Carl Icahn's Top Positions (Part I)
Anh is a member of The Motley Fool Blog Network -- entries represent the personal opinion of the blogger and are not formally edited.
Carl Icahn is one of the most famous activist investors in the world. He often purchases a large stake in publicly traded companies and forces them to take corporate actions to significantly increase their market value. When Icahn is building stakes in a particular company, it might indicate an investment opportunity. Let’s have a look at several big positions in Icahn’s current portfolio to see whether or not investors should follow him into these companies.
CVR Energy (NYSE: CVI) is the second biggest position in his portfolio, after his own firm Icahn Enterprises LP. As of September 2012, Icahn owned nearly 71.2 million shares in the company, accounting for 23.4% of his total portfolio. He is the chairman of the company’s Board, and his stake represented 82% of the company. CVR Energy has two main business segments: petroleum and nitrogen fertilizer. The majority of CVR’s revenue has come from the petroleum business segment. In 2011, the petroleum segment contributed more than $4.75 billion into the total revenue, whereas the nitrogen fertilizer segment generated only a bit more than $300 million. However, the second segment enjoyed a better profit margin. In 2011, nitrogen fertilizer had around $136.2 million in operating income, or 45.4% operating margin, whereas petroleum had $465.7 million in operating income, or 9.8% operating margin. Like other refiners such as HollyFrontier (NYSE: HFC) and Valero Energy (NYSE: VLO), 2012 was a very good year for CVR.

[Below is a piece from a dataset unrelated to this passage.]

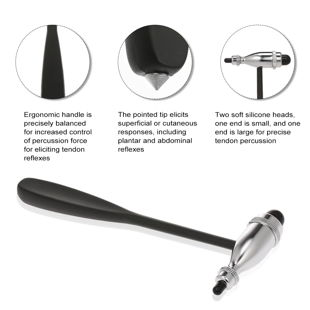 Неврологический рефлекторный Молот оснащен двумя мягкими силиконовыми головками, один конец маленький, а один конец большой для точной перкуссии сухожилия. Он предназначен для эффективного возбуждения мышечных Растягивающихся рефлексов и поверхностных или кожных рефлексов, а также подошвенных и брюшных рефлексов. Также можно использовать каналы и коллатералы для физического здоровья, расслабления ног, спины и так далее.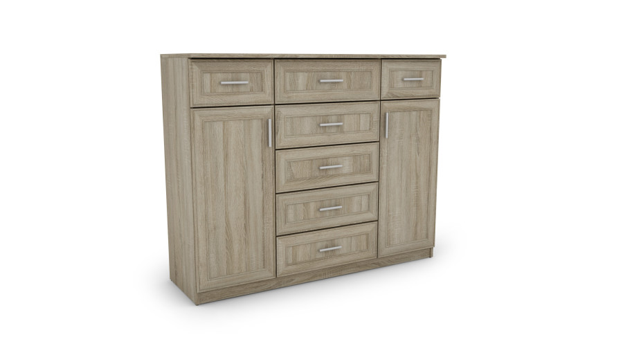 Didelė komoda su stalčiais ir spintelėmis 140 cm Sonoma Jasna – SILVA

Over the last 12 months, shares of CVR have enjoyed a significant rise of more than 120%. HollyFrontier and Valero also joined the rise, with 63.5% and a 65% increases, respectively. The significant increase in shale oil production and the WTI/Brent spread has helped to fuel the refiners’ boom. In addition, the low natural gas price has been also beneficial to the nitrogen fertilizer business of CVR. Among the three, HollyFrontier seems to be the cheapest, with only 2.84x EV/EBITDA. Valero and CVR had similar EV multiples of 4.57x and 4.79x, respectively.
CVR had quite a decent balance sheet. As of September 2012, it had $1.485 billion in total stockholders’ equity, $988 million in cash, and no long-term debt. In addition, it also booked more than $400 million in deferred tax liabilities, which could be considered an interest-free loan from the government.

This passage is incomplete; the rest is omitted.